Bir başka konu da bebeğin cinsiyetiyle ilgili. Kurala göre anne ve babaların bebeklerinin cinsiyetini asla ve asla doğum anına kadar halka açıklamaması gerekiyor. Hatta birçoğu kendileri de bebeklerinin kız mı erkek mi olacağını dünyaya gelene kadar bilmiyor. Kate Middleton, ikinci bebeğinin kız olacağının ipuçlarını giysileriyle vermişti ve onu dikkatle takip eden birçok kişi bebeğin cinsiyetini tahmin etmişti. Hatta söylentilere göre bu davranışı yüzünden Kraliçe Elizabeth tarafından cezalandırılmıştı.
Bu arada Kraliyet ailesinde her ne kadar son zamanlarda artık bu anlayış terk edilmiş olsa da erkek bebek takıntısı vardı. Gelelim bu konuda anlatılan tüyler ürpertici olaylara.

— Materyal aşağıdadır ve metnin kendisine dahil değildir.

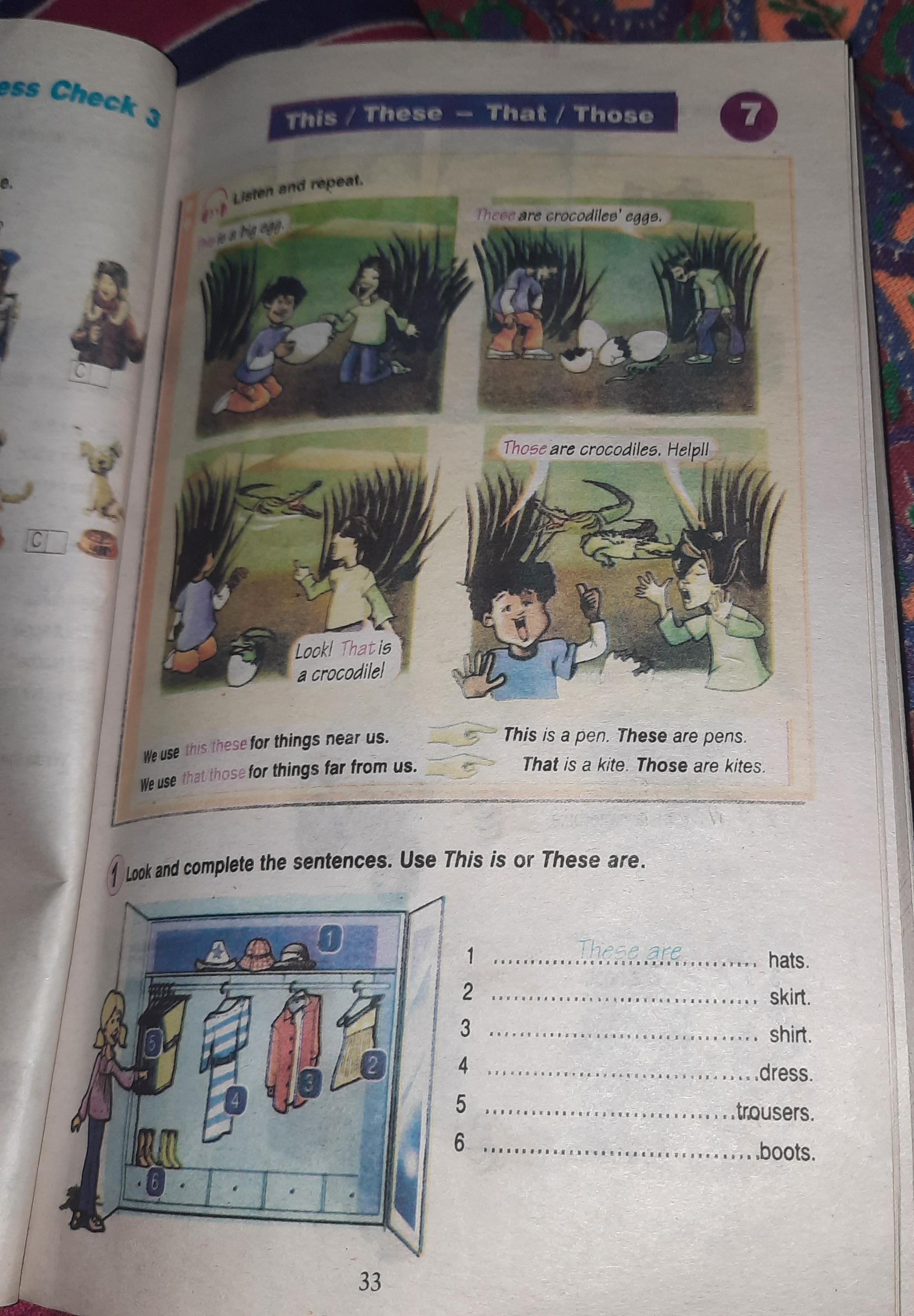 1. There are three hats. 2. There is one skirt. 3. There is one shirt 4. There is one dress. 6. There are two pairs of boots.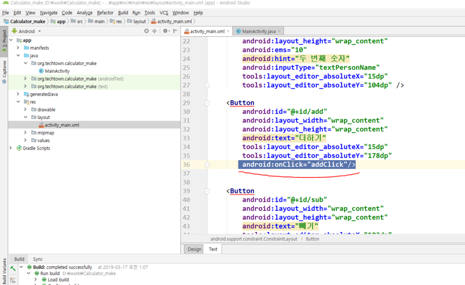 android:onClick="addClick" 을해서 더하기 버튼이 onClick이라는 상태가 되었을 경우

Eskiden dış etkenlerin hamilelik sırasında çocuğun cinsiyetine etkisi olduğuna inanılırdı. 15. yüzyılda, 7. Henry'nin annesi Margaret Beaufort'un bu sebepten ötürü hamileliği boyunca bir odaya kapatıldığı ve içeri ışık girmemesi için anahtar deliğinin bile kapatıldığı yazar tarih kitaplarında. Işığın ve ısının kız çocuk getirdiğine inanılan dönemlerde kraliçe bile olsanız bu kurallardan kaçamıyordunuz.
Peki doğum sırasında neler oluyor? Geçmişten başlayarak anlatalım: Sonuçta geleceğin kralı doğabilir o yüzden herkes merak etmekte haklı diyebilirsiniz ama ebelerin, doktorların, yardımcı kadınların ve bazı saray görevlilerinin doğum sırasında orada olmalarının sebebi ölü doğabilecek bir bebeğin başkasıyla değiştirilerek hanedanın tehlikeye atılmasını önlemek olduğunu söylememize izin verin. Bu âdetin zirve yaptığı yıllar Katolik Kral 2. James'in dönemine denk gelir. James'in oğlu Edward Francis doğana kadar bütün çocukları ölü doğar ve bu durum bir Katolik olan kralı Protestan çevrelerde küçük düşürür. James de doğum odasına 40'tan fazla gözlemciyi alarak kendisinin ve eşinin sağlıklı birer Katolik olduklarını kanıtlamak istemiştir.